▶ [TASK DETAILS]
For this exercise, restate every line below word for word and drop the images.

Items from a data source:
########

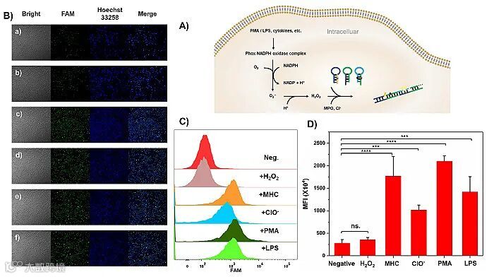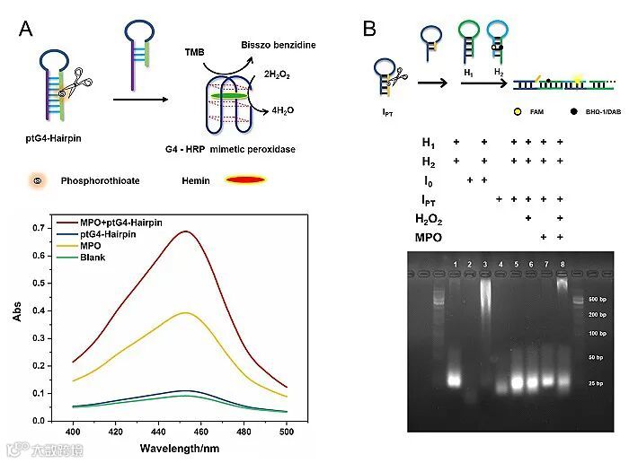 该论文首先研究了该体系对 PT 修饰的双链和单链 DNA 进行位点特异性切割的可行性,并验证了MHC系统切割硫代修饰DNA的机理。随后,该团队构建了PT 修饰的两种不同功能的 DNA 发夹结构(ptG4-Hairpin和ptHCR-Hairpin)以验证这种定点切割用于分子机器构建的能力。通过MHC体系剪辑后,ptG4-hairpin可与血红素一起转化为G4-HRP DNA模拟酶(图2A);ptHCR-Hairpin被切割后,可以直接诱导杂交链式反应 (HCR) ,这使得功能核酸链发生串联自组装产生信号放大,并成功地应用到活细胞氧化应激反应成像分析中(图2B和图3)。
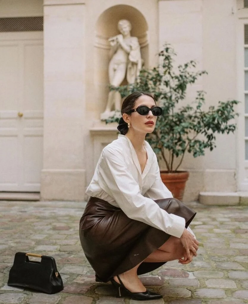 Outra opção para ocasiões mais formais é a combinação da camisa social com uma saia longa de couro. O contraste entre o tecido estruturado da saia e a leveza da camisa cria um visual elegante e moderno, ideal para jantares ou eventos noturnos.
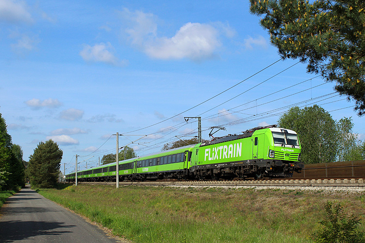 Im Frühling 2024 wurde der Flixtrain FLX 1249 Mainz - Berlin eingelegt, am 30.03.2024 hing 193 508 davor. |
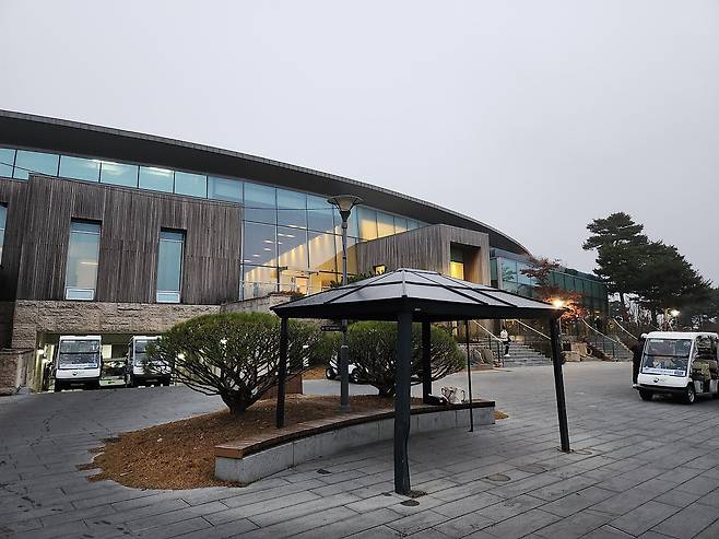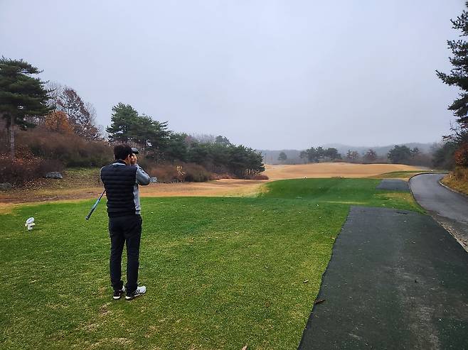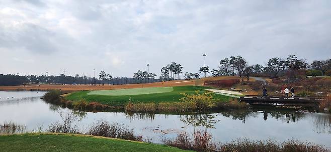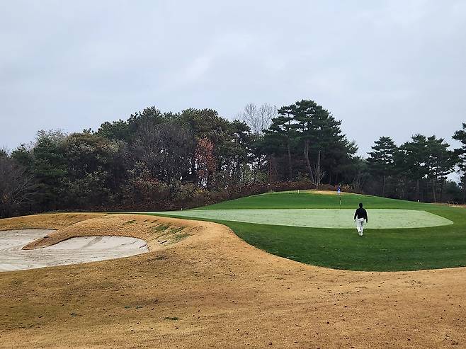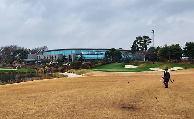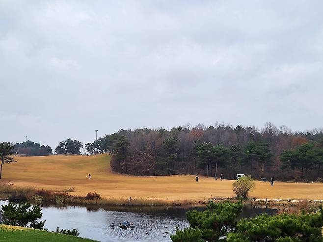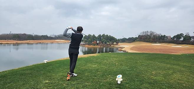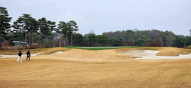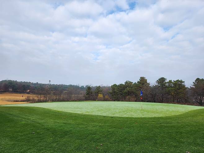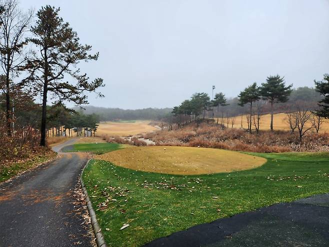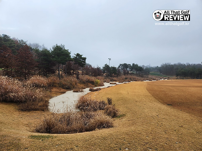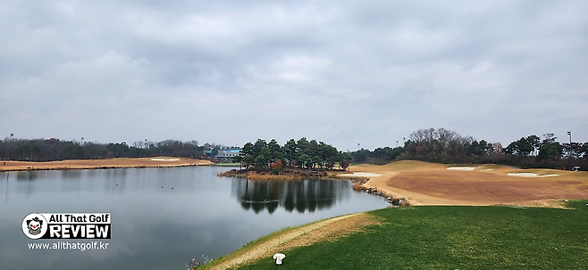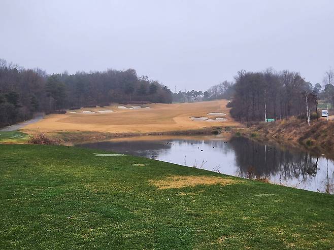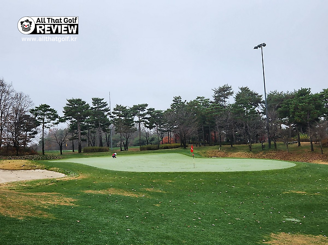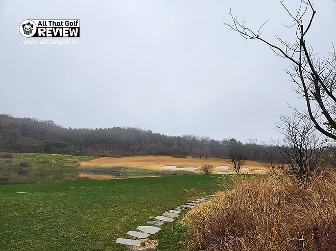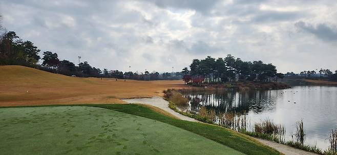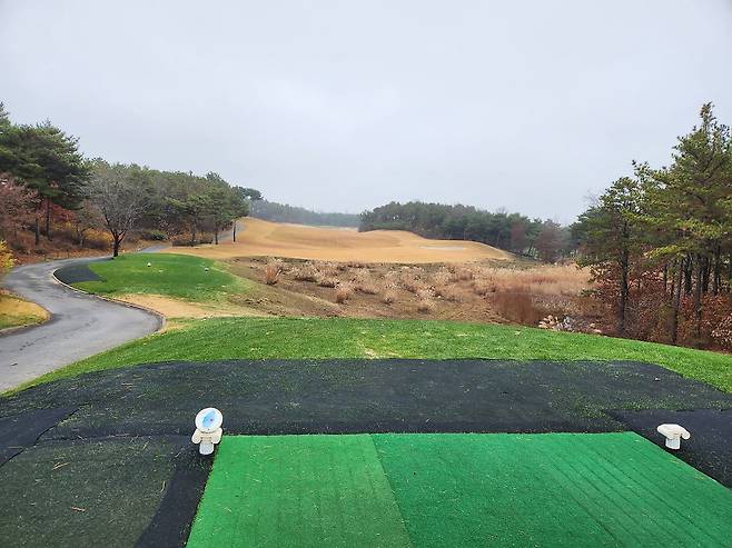 겨울 골프를 대비해서 매트 플레이가 절반 이상입니다. 티 박스 간격을 깔끔하게 구별되어 있으며, 홀 표기도 잘 되어있습니다. 대부분 홀에서 그린과 핀이 보이는 듯하며, 도그랙 홀은 거의 없는 것으로 기억합니다. 내리막 및 오르막 티 샷도 거의 없어서 부담스럽지는 않습니다.
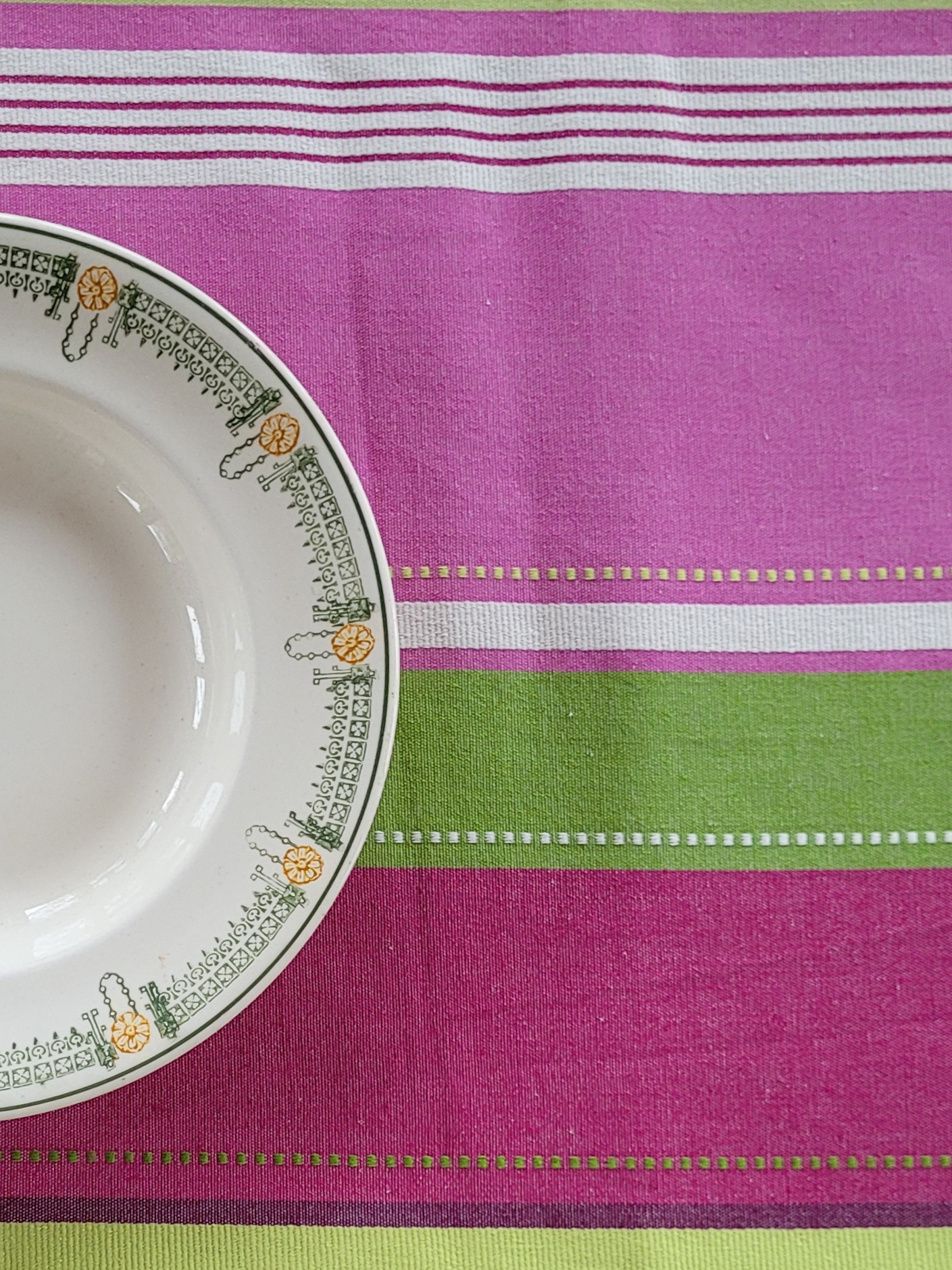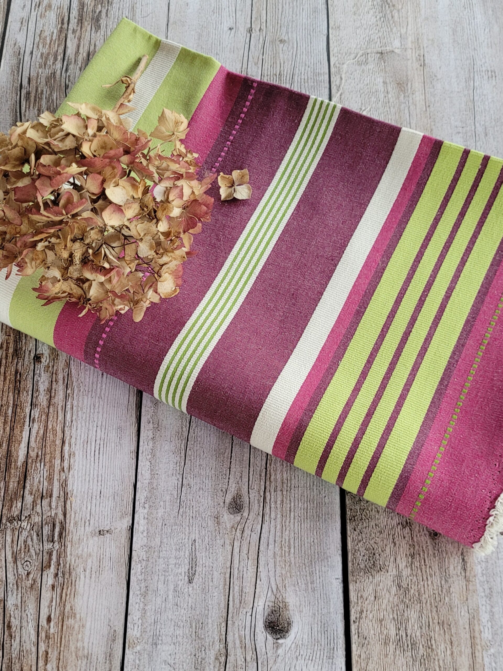 Rayures texturées anis, blanc, aubergine et rose

########

▶ [THE COMPLETED TASK]
 该论文首先研究了该体系对 PT 修饰的双链和单链 DNA 进行位点特异性切割的可行性,并验证了MHC系统切割硫代修饰DNA的机理。随后,该团队构建了PT 修饰的两种不同功能的 DNA 发夹结构(ptG4-Hairpin和ptHCR-Hairpin)以验证这种定点切割用于分子机器构建的能力。通过MHC体系剪辑后,ptG4-hairpin可与血红素一起转化为G4-HRP DNA模拟酶(图2A);ptHCR-Hairpin被切割后,可以直接诱导杂交链式反应 (HCR) ,这使得功能核酸链发生串联自组装产生信号放大,并成功地应用到活细胞氧化应激反应成像分析中(图2B和图3)。
 Outra opção para ocasiões mais formais é a combinação da camisa social com uma saia longa de couro. O contraste entre o tecido estruturado da saia e a leveza da camisa cria um visual elegante e moderno, ideal para jantares ou eventos noturnos.
 Im Frühling 2024 wurde der Flixtrain FLX 1249 Mainz - Berlin eingelegt, am 30.03.2024 hing 193 508 davor. |
 겨울 골프를 대비해서 매트 플레이가 절반 이상입니다. 티 박스 간격을 깔끔하게 구별되어 있으며, 홀 표기도 잘 되어있습니다. 대부분 홀에서 그린과 핀이 보이는 듯하며, 도그랙 홀은 거의 없는 것으로 기억합니다. 내리막 및 오르막 티 샷도 거의 없어서 부담스럽지는 않습니다.
 Rayures texturées anis, blanc, aubergine et rose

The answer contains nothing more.